# [Problem to solve]
Your answer must be the line containing "S. Francesco. Assisi1875." and each following line to the end of the listing below, copied exactly, with pictures removed and nothing added.

# [Given data]
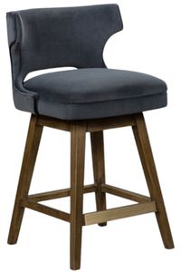 Shapely seating upholstered in deep navy velvet tops splayed parawood legs, while its modern wing shape brings contemporary presence to the table. Memory swivel adds ease and comfort. And this will be a great fit.Read More
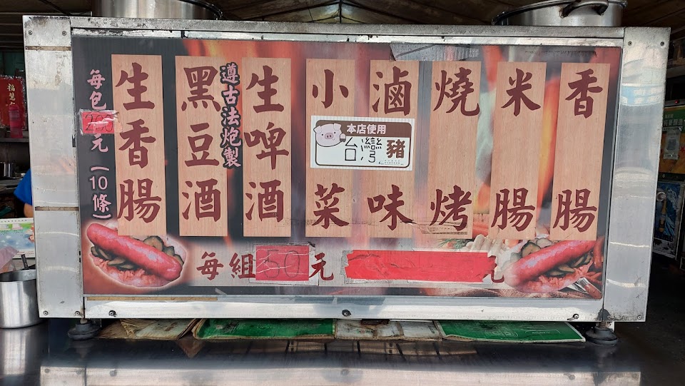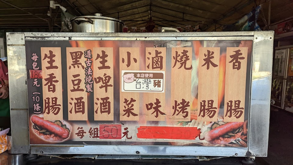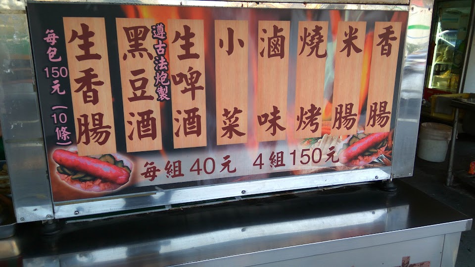 大腸香腸普普,沒有預期的炭烤香味,賣點可能是配料菜脯吧。四季豆是水煮拌蒜頭,原本以為是用烤的。菜單沒有標價都是靠點菜店員手寫不太好。環境也很簡陋有蚊子
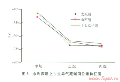 研究區(qū)上古生界天然氣中的甲烷及其同系物具有相對富穩(wěn)定同位素
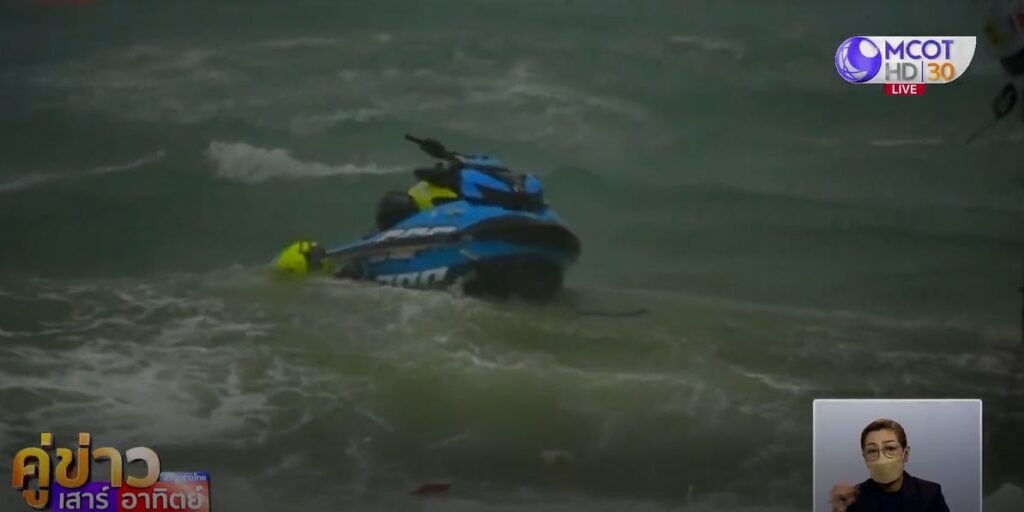 ขณะที่การแข่งขันนักกีฬาต้องเจอกับอุปสรรคคือ คลื่นลมทะเลมีกำลังแรง สำหรับการแข่งขันเจ็ตสกีรุ่นยักษ์ใหญ่ประเภทนั่งที่ปรับแต่งเครื่องแรงและเร็ว โดยเจ็ตสกีนั่งอาชีพ จีพี (Pro-Am Runabout GP) ทำการแข่งขันในช่วงที่คลื่นลมแรงที่สุดของวัน.-สำนักข่าวไทย
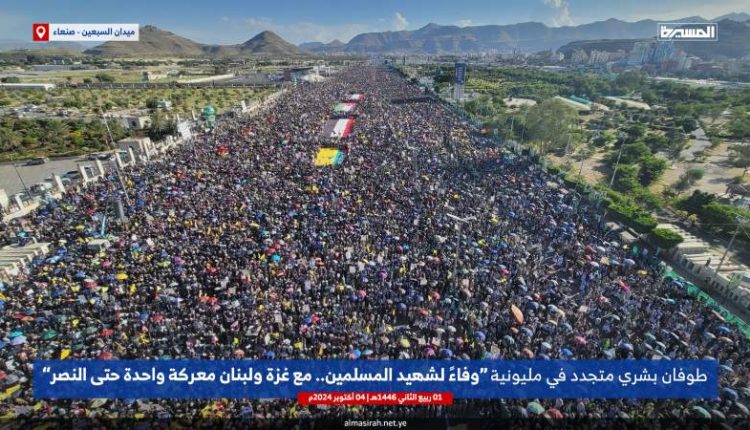 وشهد ميدان السبعين بالعاصمة صنعاء، في 6 من سبتمبر 2024، الطوفان المليوني الـ48 متجددا إسنادا للشعب الفلسطيني تحت شعار “مولد نبي الهدى.. دعوة لنصرة غزة والأقصى”.
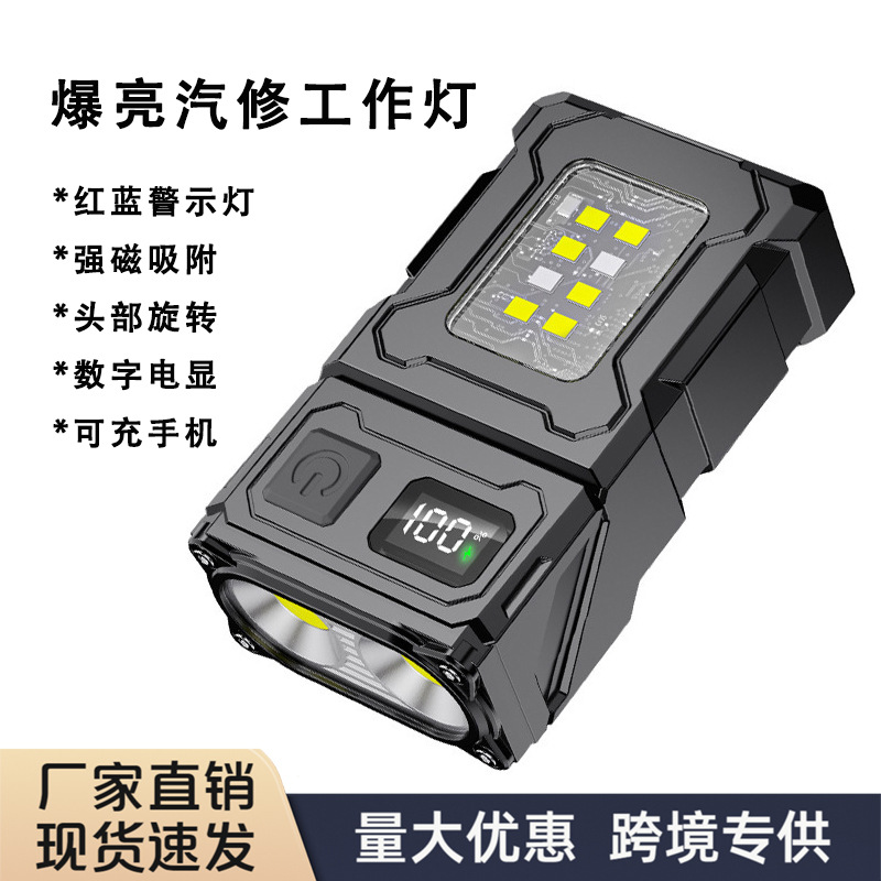 新款跨多功能磁吸式led工作灯汽修维修灯照明手电筒强光充电小型
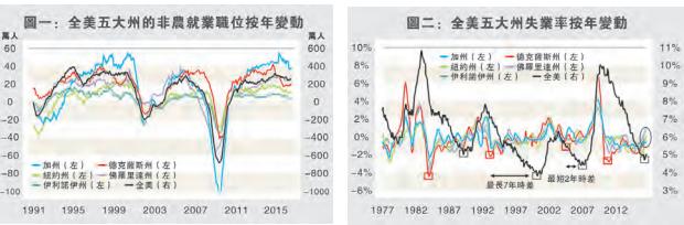 今次筆者從兩大數據包括非農就業新增職位及失業率入手看美國整體就業情况。先看圖一,美國五大州與全美的非農就業職位按年增長基本上都是同升同跌。同時,圖中亦見在全美三大州的加州、德州及紐約州,現時的就業職位增長都已出現明顯跌勢,這在2006年初及1999年間都有類似情况。然而,這些州份的就業職位增長是不是有領先作用呢?也不是,有時會早於全美見頂,有時會遲點,但起碼現時就見三大州的就業職位增長放緩,與坊間所說美國就業情况很好的說法有點出入。
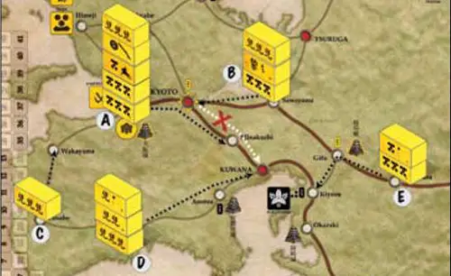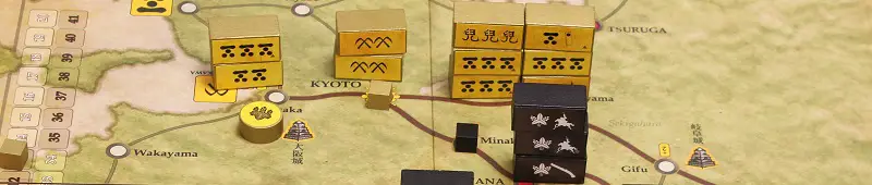 Board: The board represents central Honshu, the largest island of Japan, where the majority of the fighting took place. The board contains the map and the locations in play, the Impact track, the Turn Track, and the Recruitment Boxes.
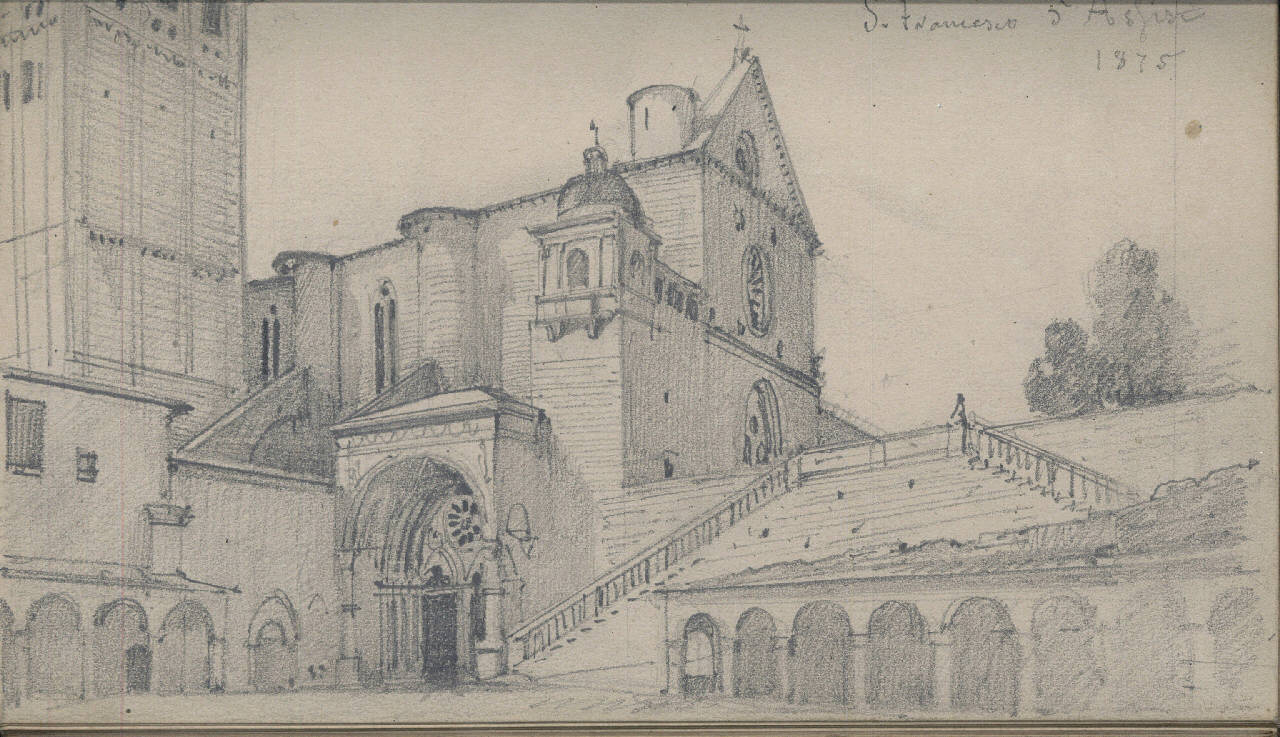 S. Francesco. Assisi1875. veduta prospettica di una chiesa
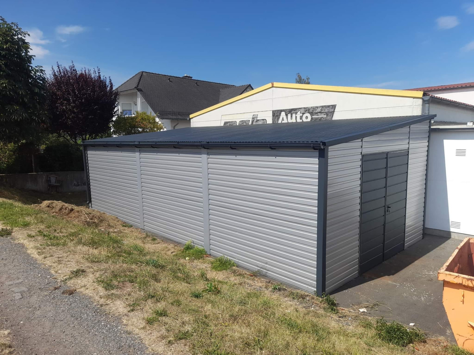 Predstavujeme vám plechovú garáž s rozmermi 5×8 m, ktorá kombinuje moderný dizajn, kvalitnú oceľovú konštrukciu a atraktívnu cenu.

# [Response]
 S. Francesco. Assisi1875. veduta prospettica di una chiesa
 Predstavujeme vám plechovú garáž s rozmermi 5×8 m, ktorá kombinuje moderný dizajn, kvalitnú oceľovú konštrukciu a atraktívnu cenu.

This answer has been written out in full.